Marvel’s republishing of various Dark Horse Star Wars adventures continues unabated, this time with a collection of Legends comics set in the Old Republic era. I have always had a soft spot for pre-film tales from the Star Wars universe; I recall fondly picking up the initial Tales of the Jedi runs published in the 1990s, using them to piece together historical context for the central pictures. This collection, while digging into some unknown corners of this universe, provides ample Star Wars action and drama, but may feel too similar to existing stories set in other time periods in this fictitious realm. Moreover, many of these issues feel like rushed products fashioned to milk the interest fans had in the video game series of the same name.
The Old Republic comic era came about as a result of the success of the Bioware video game, permitting creators to add texture to the worlds crafted in the initial games. A major push to release more comic tales in this era came about when the MMO version of the game was being built for 2011, and this Epic Collection gathers a few incongruent runs related to the universe presented in that media. We get #1-6 of the main series, #1-5 of The Lost Suns, #1-5 of the Lost Tribe of the Sith series, as well as some useful supplementary material from Star Wars Tales and Visionaries. This is a hefty book that will require your attention for some time; I’ve been reading it over the course of one week, putting it down after each individual series comes to its conclusion. On those grounds, this is a worthwhile addition to any fan’s shelf, as it provides ample bang for your buck.

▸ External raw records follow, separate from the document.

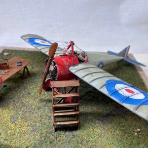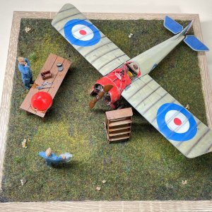 I did build this one in 2022. Figurines are from Blackdog. I created and printed the 3D models of the table, ladder and some details on the plane such as the logo, machine gun and turnbuckles.
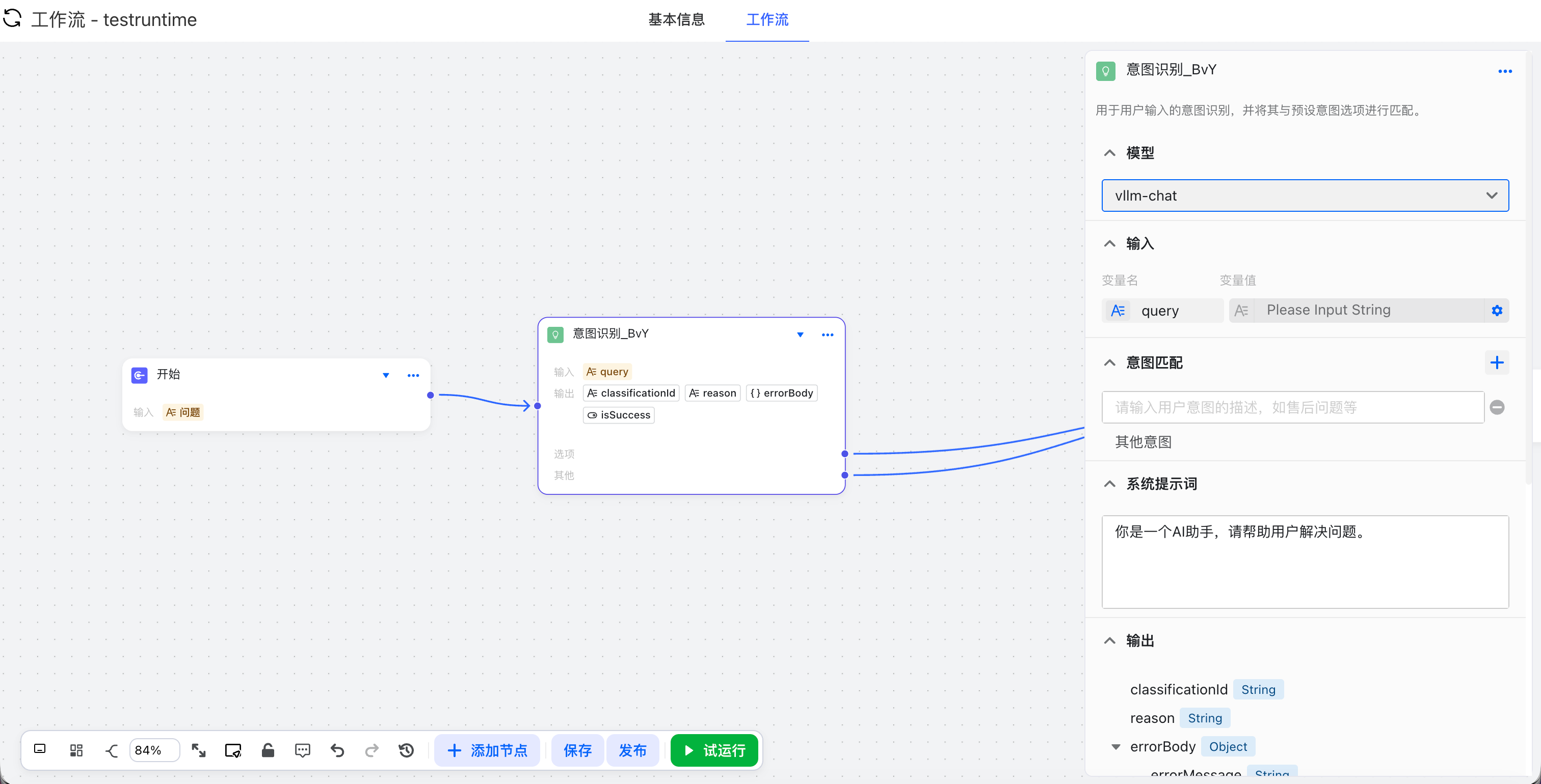 - 连接意图分支:你必须将意图识别节点上定义的每一个意图分类,都连接到后续相应的处理节点。例如,将“产品咨询”意图连接到产品知识库节点。
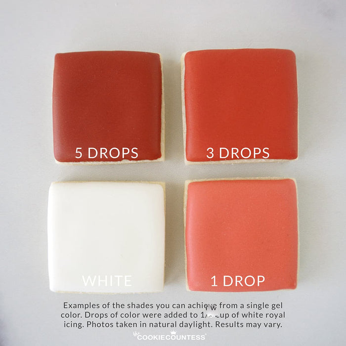 Cookie Countess Gel Colors are highly concentrated and provide vibrant color with less liquid. Have fun experimenting by using a pinch of these colors to create softer hues.

The weakest part of the trade is, unfortunately, the arc that kickstarts this run of comics. The first issues written by Rob Chestney and illustrated by Alex Sanchez and Michael Atiyeh, initially existed as a web comic that was subsequently published in a physical form. The story focuses on the Old Republic and Sith Empire attempting to negotiate a peace treaty, putting the Jedi in a precarious position. There are bounteous Star Wars tropes throughout, giving it little creative voice when placed next to the multitude of other tales from within this universe. It also feels rushed and incomplete, with multiple backgrounds simply being blank space, adding little to the already confusing character movements.
The Lost Suns is an improvement, with Alexander Freed focusing on Jedi Theron Shan, and is well illustrated by Dave Ross, George Freeman and David Daza. The colors, also from Michael Atiyeh, are deep and vibrant, giving each page a real cinematic quality. It’s a clear visual improvement when placed next to the work found in the first portion of the trade. The espionage focus of the arc is also a welcome change to the tired Jedi vs. Sith territory many of these stories fall into.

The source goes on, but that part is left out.